→ **Exercise**
Reproduce every record exactly as written.

→ **Provided entries**
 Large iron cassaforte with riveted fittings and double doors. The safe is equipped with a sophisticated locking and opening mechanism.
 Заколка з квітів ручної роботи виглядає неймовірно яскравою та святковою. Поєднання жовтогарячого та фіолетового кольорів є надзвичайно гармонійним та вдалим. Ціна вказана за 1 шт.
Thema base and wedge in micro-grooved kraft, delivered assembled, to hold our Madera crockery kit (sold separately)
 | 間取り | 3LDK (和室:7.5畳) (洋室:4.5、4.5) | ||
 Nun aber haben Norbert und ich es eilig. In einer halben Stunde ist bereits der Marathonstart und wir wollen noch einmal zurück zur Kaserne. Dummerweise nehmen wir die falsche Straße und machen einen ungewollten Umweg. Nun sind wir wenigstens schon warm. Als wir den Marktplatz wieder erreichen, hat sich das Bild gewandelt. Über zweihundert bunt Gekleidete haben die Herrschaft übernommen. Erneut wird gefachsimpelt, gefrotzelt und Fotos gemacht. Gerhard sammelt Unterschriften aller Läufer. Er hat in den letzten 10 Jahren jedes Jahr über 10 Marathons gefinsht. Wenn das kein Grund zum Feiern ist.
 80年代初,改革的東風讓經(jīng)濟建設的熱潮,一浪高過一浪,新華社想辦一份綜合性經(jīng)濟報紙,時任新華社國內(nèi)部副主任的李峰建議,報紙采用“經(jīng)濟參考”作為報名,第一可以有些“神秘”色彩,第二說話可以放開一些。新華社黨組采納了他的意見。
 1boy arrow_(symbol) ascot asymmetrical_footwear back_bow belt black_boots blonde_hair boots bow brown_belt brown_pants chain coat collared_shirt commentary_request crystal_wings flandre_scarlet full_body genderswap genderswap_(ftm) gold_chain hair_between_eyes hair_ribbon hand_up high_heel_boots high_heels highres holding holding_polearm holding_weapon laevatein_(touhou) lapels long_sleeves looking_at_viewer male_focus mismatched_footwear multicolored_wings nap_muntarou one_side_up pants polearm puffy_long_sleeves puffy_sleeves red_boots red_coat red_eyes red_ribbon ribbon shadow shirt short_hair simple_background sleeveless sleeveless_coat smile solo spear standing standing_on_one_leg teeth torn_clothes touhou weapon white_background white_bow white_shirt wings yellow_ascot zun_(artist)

→ **Response for this exercise**
 Large iron cassaforte with riveted fittings and double doors. The safe is equipped with a sophisticated locking and opening mechanism.
 Заколка з квітів ручної роботи виглядає неймовірно яскравою та святковою. Поєднання жовтогарячого та фіолетового кольорів є надзвичайно гармонійним та вдалим. Ціна вказана за 1 шт.
Thema base and wedge in micro-grooved kraft, delivered assembled, to hold our Madera crockery kit (sold separately)
 | 間取り | 3LDK (和室:7.5畳) (洋室:4.5、4.5) | ||
 Nun aber haben Norbert und ich es eilig. In einer halben Stunde ist bereits der Marathonstart und wir wollen noch einmal zurück zur Kaserne. Dummerweise nehmen wir die falsche Straße und machen einen ungewollten Umweg. Nun sind wir wenigstens schon warm. Als wir den Marktplatz wieder erreichen, hat sich das Bild gewandelt. Über zweihundert bunt Gekleidete haben die Herrschaft übernommen. Erneut wird gefachsimpelt, gefrotzelt und Fotos gemacht. Gerhard sammelt Unterschriften aller Läufer. Er hat in den letzten 10 Jahren jedes Jahr über 10 Marathons gefinsht. Wenn das kein Grund zum Feiern ist.
 80年代初,改革的東風讓經(jīng)濟建設的熱潮,一浪高過一浪,新華社想辦一份綜合性經(jīng)濟報紙,時任新華社國內(nèi)部副主任的李峰建議,報紙采用“經(jīng)濟參考”作為報名,第一可以有些“神秘”色彩,第二說話可以放開一些。新華社黨組采納了他的意見。
 1boy arrow_(symbol) ascot asymmetrical_footwear back_bow belt black_boots blonde_hair boots bow brown_belt brown_pants chain coat collared_shirt commentary_request crystal_wings flandre_scarlet full_body genderswap genderswap_(ftm) gold_chain hair_between_eyes hair_ribbon hand_up high_heel_boots high_heels highres holding holding_polearm holding_weapon laevatein_(touhou) lapels long_sleeves looking_at_viewer male_focus mismatched_footwear multicolored_wings nap_muntarou one_side_up pants polearm puffy_long_sleeves puffy_sleeves red_boots red_coat red_eyes red_ribbon ribbon shadow shirt short_hair simple_background sleeveless sleeveless_coat smile solo spear standing standing_on_one_leg teeth torn_clothes touhou weapon white_background white_bow white_shirt wings yellow_ascot zun_(artist)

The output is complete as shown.